The IRS recently released a private letter ruling — PLR 201714028 — that indicates a willingness to give broad interpretation to this phrase for purposes of the disguised sale rules. In the private letter ruling, a company (which appears to be a partnership for tax purposes) is planning to transfer cash and all of its material operating assets to a partnership in exchange for partnership interests. In connection with the transfer, the partnership will assume a certain amount of the company’s liabilities. Some of the liabilities were originally incurred to make distributions (presumably to the owners of the company) in connection with the company’s formation, and have been subsequently refinanced. The remaining liabilities have been incurred to acquire assets, make improvements, pay expenses and otherwise operate the company’s business. The company has also regularly distributed cash to its members in proportion to their ownership interests. The company represented that the liabilities were incurred years before the transfer, and were not incurred in anticipation of the transfer. The IRS ruled that all of the liabilities that will be assumed by the partnership in connection with the company’s transfer of cash and all of its material operating assets are New Qualified Liabilities.
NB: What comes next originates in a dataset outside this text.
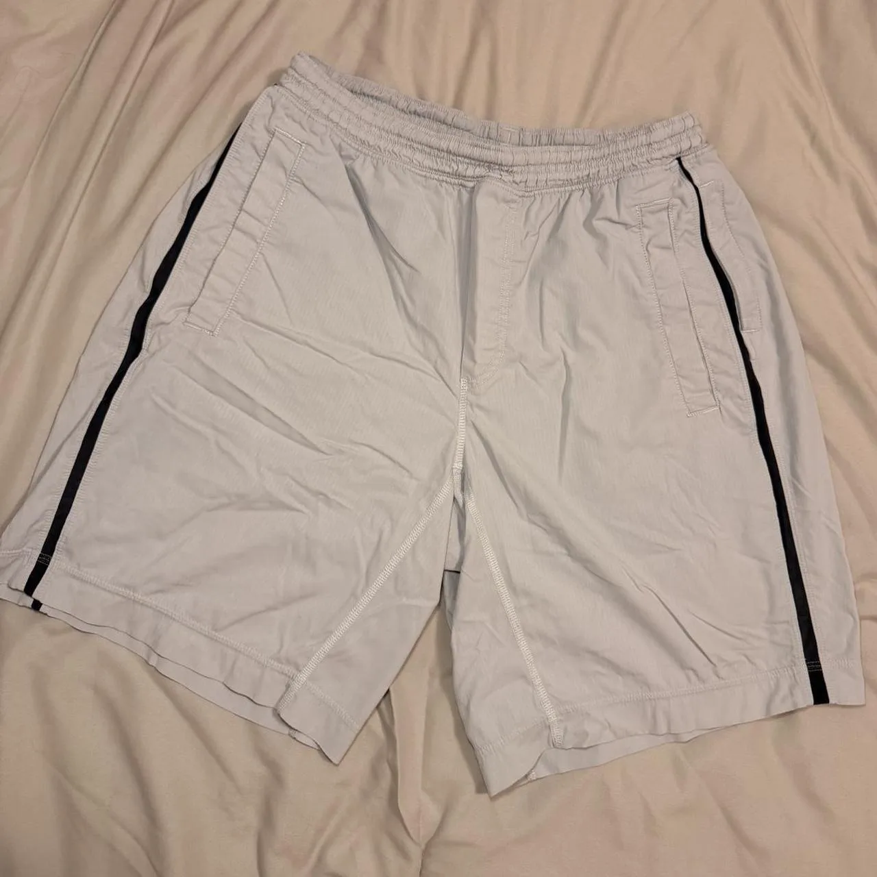Men’s Lululemon grey athletic shorts with black stripping detail. Size M
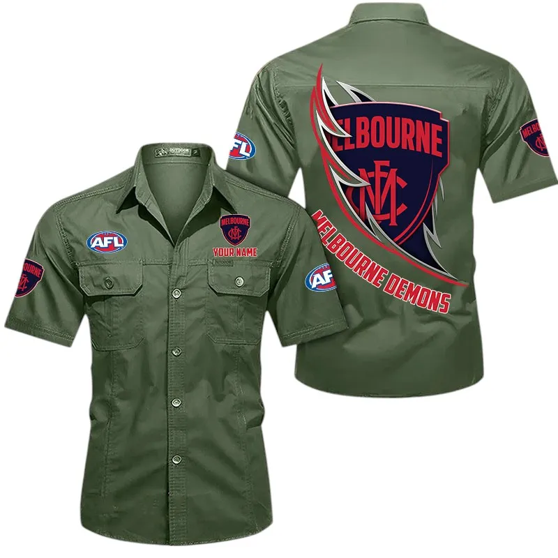 Melbourne Demons Fans Gift Short Sleeved Shirt, All Over Print Shỉt For Sport Fan, Custom Name AFL155071425135 – Army Green

Liabilities incurred to fund the operations of a trade or business generally are understood to be liabilities incurred in connection with such trade or business. The PLR is significant in that it suggests liabilities incurred in part to fund distributions (out of the trade or business) also are considered incurred in connection with the trade or business. Even though the PLR states that most of the liabilities were incurred in connection with the operation of the company’s business, they can also be considered to be incurred to fund cash distributions to the company’s members, because money is fungible. Although the practical reach of the New Qualified Liability remains to be seen, the PLR may signal the IRS’ willingness to construe the phrase “in connection with” broadly in its application.